I've set up a primitive ring server with the following routes:

(defn translate
  [json]
  "Translated JSON")

(defn process-translate
  [req]
  (println req)
  (if-let [body (:body req)]
    {:status 200 :headers {"Content-Type" "application/text" "Character-Encoding" "utf8"} :body (translate body)}
    (default-malformed-response)))

(defroutes mercator-server
  (GET "/" [] "mercator-server version 0.0.1")
  (POST "/translate" req (process-translate req))
  (POST "/translate/" req (process-translate req)))
When I pass in a well-formed JSON body, the request returns 200 and the expected body text. However, when I pass in a malformed JSON body, rather than returning the expected 400 status, I keep getting a 404 from the server. I'm using the wrap-json-body middleware, so a malformed json body should return a nil from (:body req), but somehow, ring seems to bounce the request back with a 404 before it even gets to the process-translate call. How do I get the handler to return a 400 status?

jumar14:02:32

If you return nil from a route handler it gets translated into 404 status

fadrian14:02:11

Thanks for that, good to know. I've now also added the :malformed-response option to my wrap-json-body middleware and made sure the handler is NOT returning nil for a bad string:

(defn wrap-json-body [handler]
  (fn [request]
    (handler (json-body-request request {:keywords? true :malformed-response default-malformed-response}))))

(defn translate
  [json]
  "Translated JSON")

(defn process-translate
  [req]
  (println "In process-translate:" req)
  (if-let [body (:body req)]
    {:status 200 :headers {"Content-Type" "application/text" "Character-Encoding" "utf8"} :body (translate body)}
    "Bad body"))

(defroutes mercator-server
  (GET "/" [] "mercator-server version 0.0.1")
  (POST "/translate" req (process-translate req))
  (POST "/translate/" req (process-translate req)))
However, the middleware still seems to be returning a 404 status before even getting to the process-translate function.

fadrian15:02:52

I've also read the code of wrap-json-body, and I shouldn't even have to add the :malformed-response default-malformed-response option, because the code supposedly defaults to returning that.
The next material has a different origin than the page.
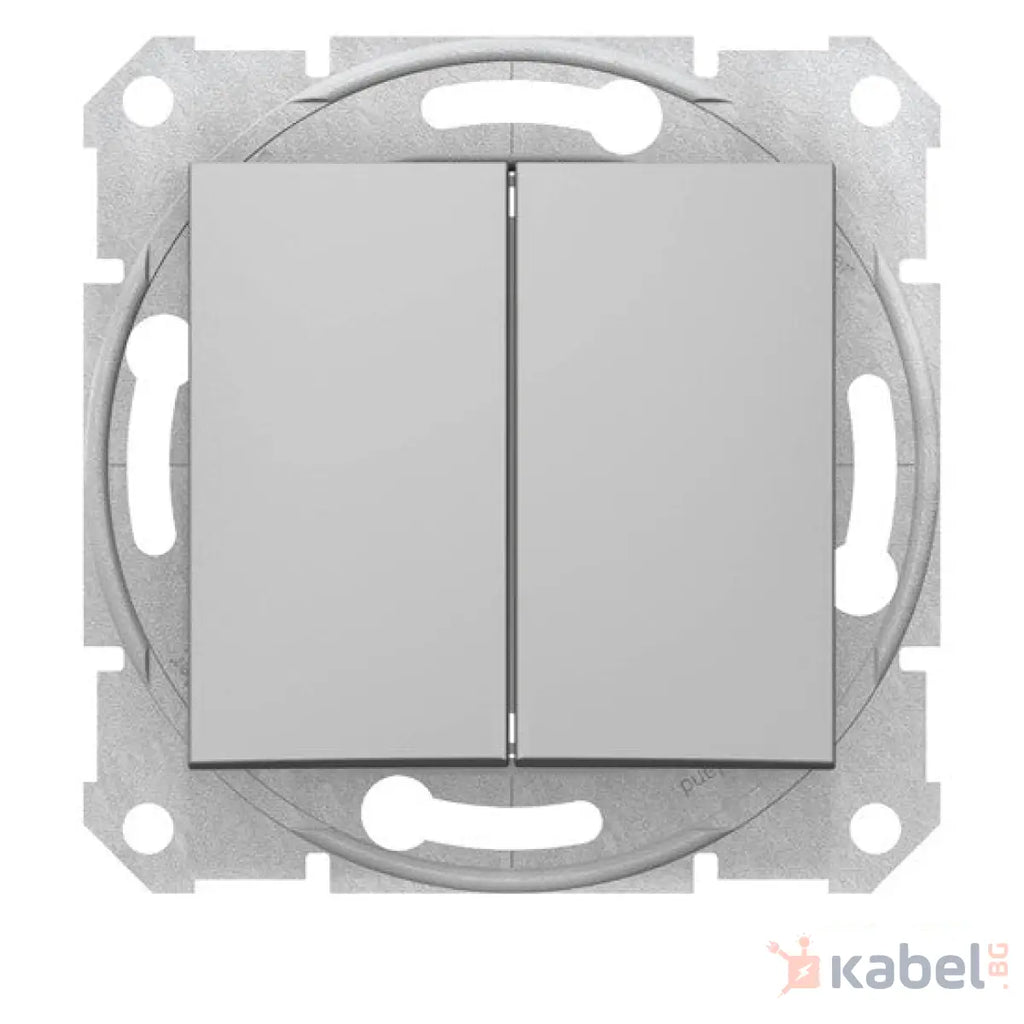 Двоен ел. ключ Седнa Шнайдер Сив алуминий Сив схема СХ 5 10A Скрит - вграден монтаж IP20 Sedna сериен SDN0300160

But for some reason, it's returning a 404.

jumar15:02:13

@U0DTU8J83 I'm not sure what is this wrap-json-body in your code. We are using this standard middleware like this: https://github.com/jumarko/clojure-experiments/blob/master/src/clojure_experiments/ring/server.clj#L9-L12

(defn wrap [handler]
  (-> handler
      wrap-json-response
      (wrap-json-body {:keywords? true})))
When you try to run this code it should work as expected:
curl -i -H 'Content-Type: application/json' -d '{a}' 

HTTP/1.1 400 Bad Request
Date: Wed, 23 Feb 2022 15:16:58 GMT
Content-Type: text/plain
Transfer-Encoding: chunked
Server: Jetty(9.4.36.v20210114)

Malformed JSON in request body.%                                                                                                                                                                                                             


curl -i -H 'Content-Type: application/json' -d '{}' 

HTTP/1.1 200 OK
Date: Wed, 23 Feb 2022 15:18:31 GMT
Content-Type: application/text
Character-Encoding: utf8
Transfer-Encoding: chunked
Server: Jetty(9.4.36.v20210114)

Translated JSON% 

fadrian15:02:52

Doing it that way works. I have no idea why it works when the other code didn't, but thank you for that suggestion.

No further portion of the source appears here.